Is the patch from Jetson Nano SD card enters back to high speed mode instead of uhs mode after soft reboot - #4 by WayneWWW also applicable for Xavier NX?

If that patch is not for dts, then it can be applied to NX too.

Does this issue happen to both NX and Nano or just one platform?

What was this card doing when temperature rises?

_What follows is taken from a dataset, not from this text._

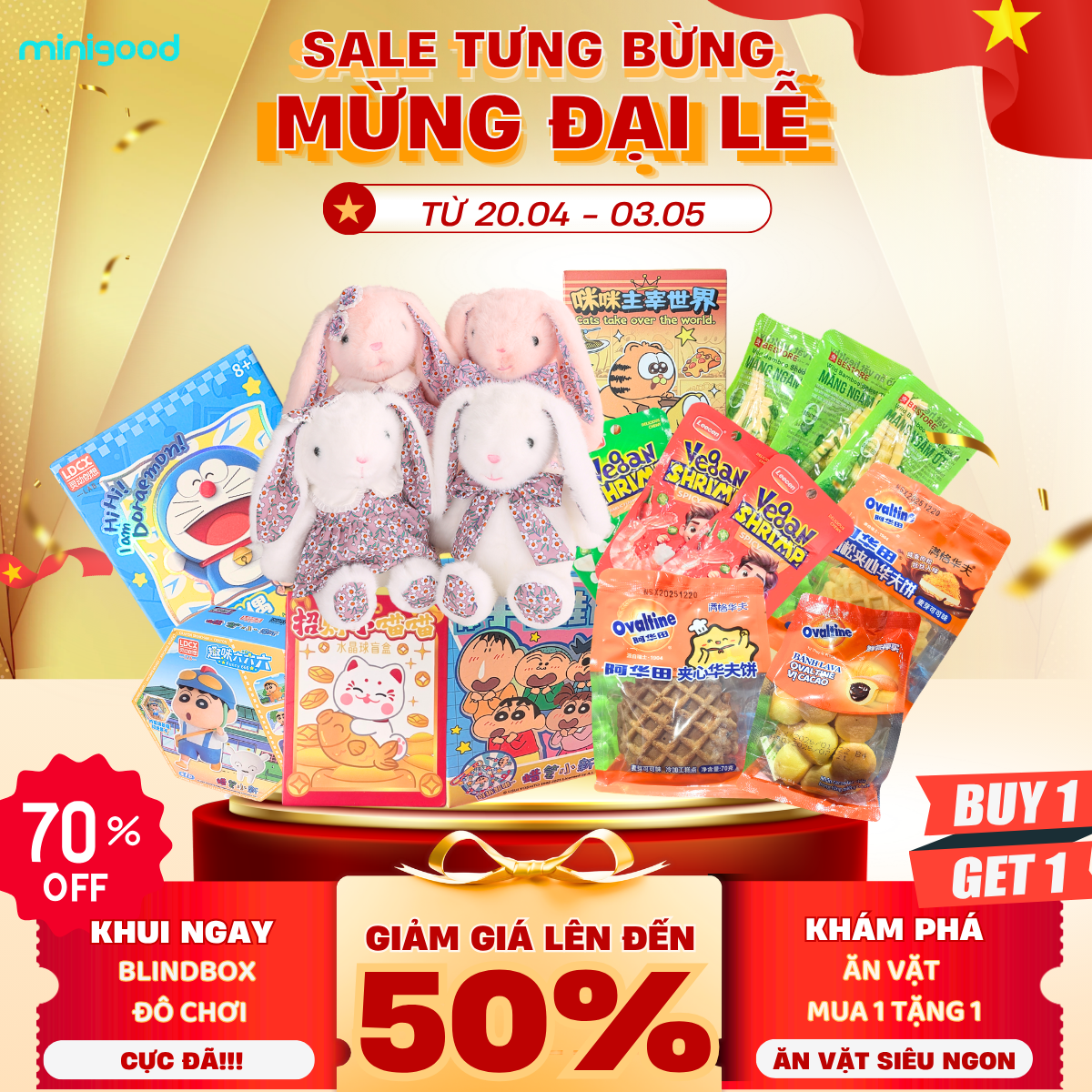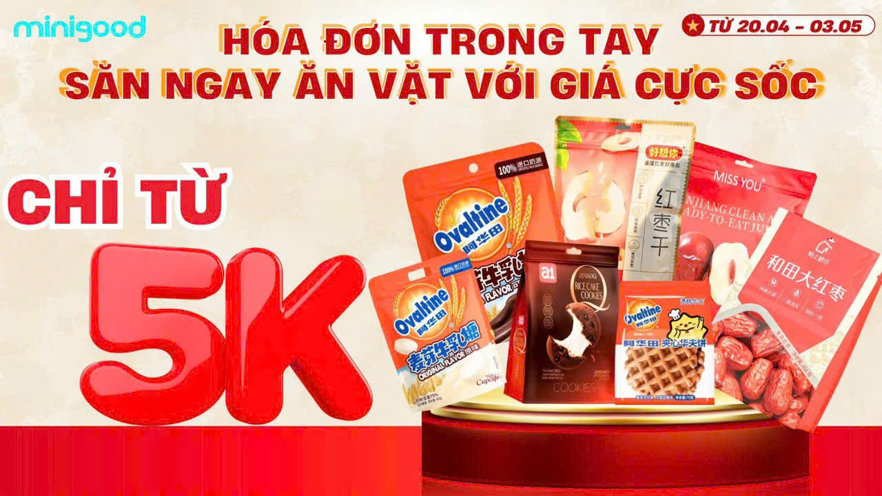 Chào mừng Đại lễ, Minigood mang đến cơn mưa ưu đãi cực hấp dẫn dành riêng cho tín đồ đồ chơi và ăn vặt. Đừng để kỳ nghỉ trôi qua nhàm chán – ghé Minigood để “F5” năng lượng ngay!

Is there any activity on this card?

The issue happens to both NX and Nano.

When the card is not used (e.g. no write or mount) no error occours.
But any acces to the card leads to the error.
Like said we use a simple script that periodically writes to the card to check the functionality.

So this issue requires both condition here?

  1. put device in a environment with >50C
  2. Any read/write to this mmc1

If you directly read/write mmc1 in <50C environment, there would be no problem?

Correct we need a specific temperature level and read/write/mount actions to mmc1.
Please note we measure the temperature with tegrastats.
And the temperature level when the issue happens is about 50C.

When we cool the SOM with a fan and the temperature measured with tegrastats remains about 35C no issue happens.